## [Task]
Lower down are entries containing pictures. Copy exactly, without those pictures, the lines from the line with "Make a striking" through the line with "- 1 garden furniture".

─── Supplied material

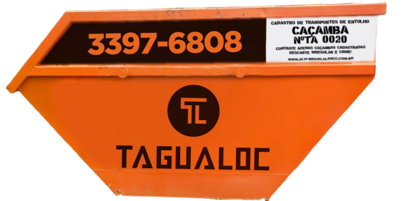 A TAGUALOC oferece o serviço de locação de contêineres para entulho, voltado exclusivamente para o descarte de resíduos da construção civil, em conformidade com a legislação ambiental vigente no Distrito Federal.
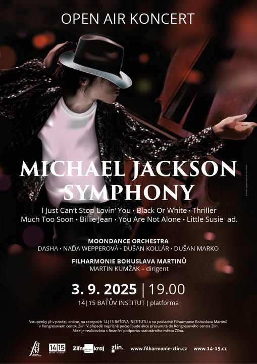 MICHAEL JACKSON SYMPHONY Na začátku září ožije platforma BAŤOVA INSTITUTU rytmy legendárního The King of Pop. Repertoár třináctinásobného držitele ceny Grammy poskytuje nekonečnou inspiraci, kterou se rozhodl využít dirigent Martin Kumžák. Vytvořil originální aranže několika Jacksonových hitů, které oživí čtyři talentovaní zpěváci – Dasha, Naďa Wepperová, Dušan Kollár a Dušan Marko, spolu s Moondance Orchestrem, jedním z nejlepších českých tanečních orchestrů a tradičním filharmonickým tělesem.
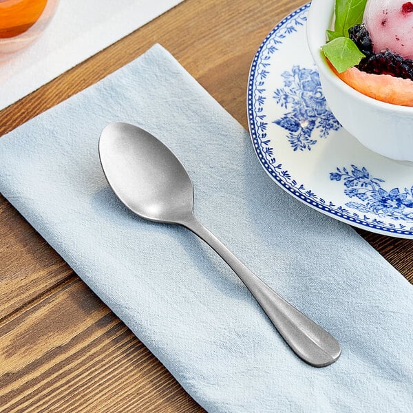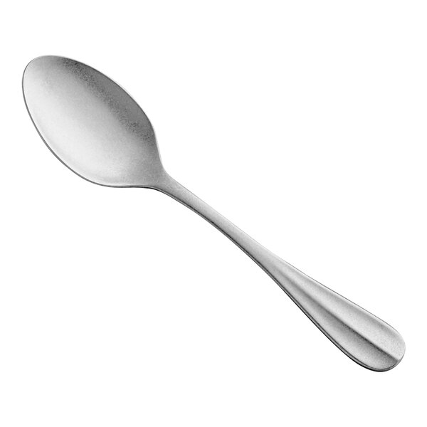 Enhance the dining experience of your patrons with the Acopa Josette 6" 18/8 distressed stainless steel extra heavy weight teaspoon.
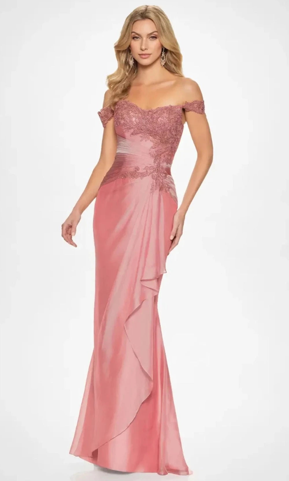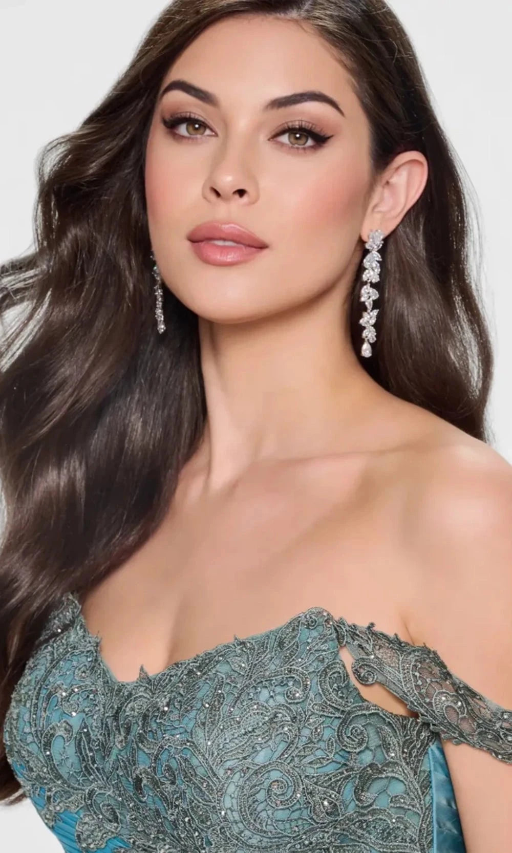 Make a striking statement in the Montage by Mon Cheri M843, a strapless gown with enchanting lace embroidery and beaded accents. The sweetheart neckline adds an alluring touch, while the draped sheath skirt cascades beautifully to the floor. For added versatility, this gown includes detachable off-the-shoulder straps, separate spaghetti straps, and a matching shawl. Whether you prefer a bold strapless look or a more elegant off-the-shoulder style, this Montage by Mon Cheri M843 gown adapts to your preference. Models are wearing Aqua, Lavender/Haze, and Gardenia colors.
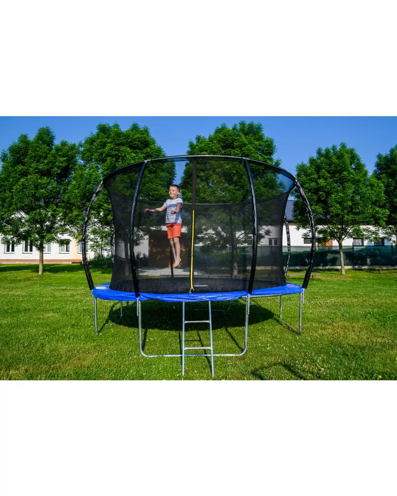 • Ochranná síť trampolíny je z vnitřní strany konstrukce, skákání na trampolíně je tak bezpečnější
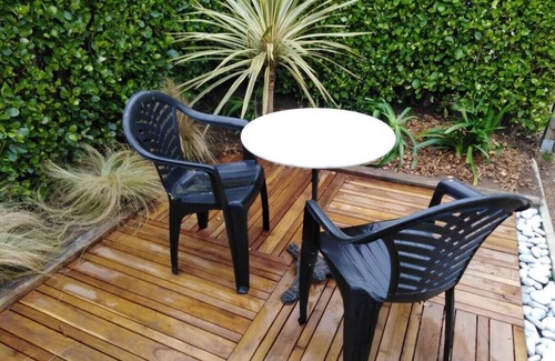 - 1 garden furniture in exotic wood (1 table and 6 chairs)
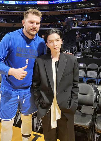 지난 1월엔 미국 캘리포니아 주(州) 로스앤젤레스(LA) 크립토닷컴 아레나에서 열린 미국 프로농구(NBA) LA레이커스 대 댈러스 매버릭스의 경기를 현장에서 직접 관람했다. 경기 내내 진지한 모습으로 선수들의 움직임을 눈으로 빠르게 쫓았다. LA레이커스의 유니폼도 선물 받았다. 특히 NBA의 슈퍼스타인 루카 돈치치(24·댈러스 매버릭스)와 만나 함께 사진을 찍었다. 슈가는 패션 관련 행사 참석을 위해 LA를 방문했는데, 바쁜 스케줄에도 NBA 현장을 찾은 것으로 알려졌다.
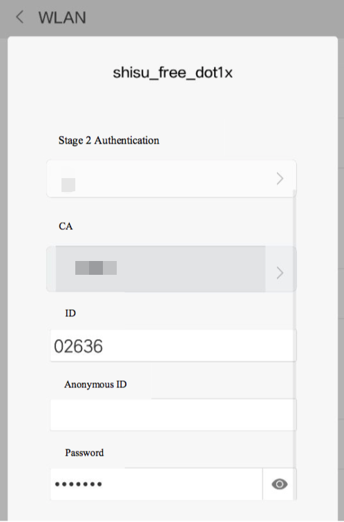 1. "Settings" - "Wireless LAN", search for shisu_free_dot1x signal and click on it

──────

## [Written response]
 Make a striking statement in the Montage by Mon Cheri M843, a strapless gown with enchanting lace embroidery and beaded accents. The sweetheart neckline adds an alluring touch, while the draped sheath skirt cascades beautifully to the floor. For added versatility, this gown includes detachable off-the-shoulder straps, separate spaghetti straps, and a matching shawl. Whether you prefer a bold strapless look or a more elegant off-the-shoulder style, this Montage by Mon Cheri M843 gown adapts to your preference. Models are wearing Aqua, Lavender/Haze, and Gardenia colors.
 • Ochranná síť trampolíny je z vnitřní strany konstrukce, skákání na trampolíně je tak bezpečnější
 - 1 garden furniture in exotic wood (1 table and 6 chairs)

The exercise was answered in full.